Throughout this paper, the submudline tubing hanger-packer is called a POTH.
The well annuli are designated in alphabetical order, proceeding outward from the production tubing/tieback (5 1/2-×10 3/4-in.) annulus, designated "A." Thus, the "B" annulus is outside the production tieback (e.g., tapered 10 3/4×8 5/8× tapered 13 3/8×10 3/4 in.), and the "C" annulus is outside the intermediate casing (e.g., tapered 13 3/8-×10 3/4-x16-in. liner hung inside 20-in. casing).
Events Before and Immediately After the Failure
In Fig. 1, note the locations of pressure/temperature (P&T) gauges near the mudline [3,392 ft measured depth (MD)] and also near the production packer (12,636 ft MD).
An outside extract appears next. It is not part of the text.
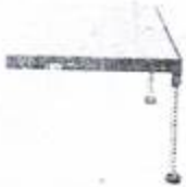
2' x 4' Deck Section

Sizes available for the Multi-Stage decks include the popular 4' square section, a 2' x 4' section and a 45° corner section. Standard decks include a 3/4" AC exterior plywood stained in gray enclosed in a steel frame edge protector. Other deck options are available.

Fig. 2 summarizes the values at these gauges during a portion of the early flow of Well A-2. (The well was actually flowed for a period on 5 November 1999, as indicated in Figs. 3 and 4. This initial flow was shut in because of an upset in the not-fully-commissioned surface facilities. The gradual cooldown from this initial flow period can be seen in the mudline annulus temperature in the left portion of Fig. 2.)
For the flow period beginning at 1500 hours on 6 November 1999, note the increase in mudline temperature, which approaches a steady-state value of 160°F after approximately 20 hours. Simultaneously, the annulus pressure of the nitrogen column, set at 50 psi at the surface, increases slightly to 70 psi. These values are associated with a flow rate of 30 MMscf/D of gas, 3,000 B/D of condensate, and a surface tubing pressure of 4,140 psi.
The steady downhole conditions cease at 1045 hours on 7 November 1999, as evidenced by a significantly increasing rate of pressure in the annulus (13.6 psi/hr) as well as a subtle (~2°F) cooling of this same annulus before well shut-in (and major cooling to return to ambient conditions). A minor leak developed in the flow conduit, which was later diagnosed to be above the surface-controlled subsurface safety valve (SCSSV) and the POTH. The well was shut in at 1500 hours on 7 November 1999 because of a facility upset unrelated to the minor leak. Shortly after the last recordings shown in Fig. 2 and while the well was shut in, the downhole gauges were functionally lost.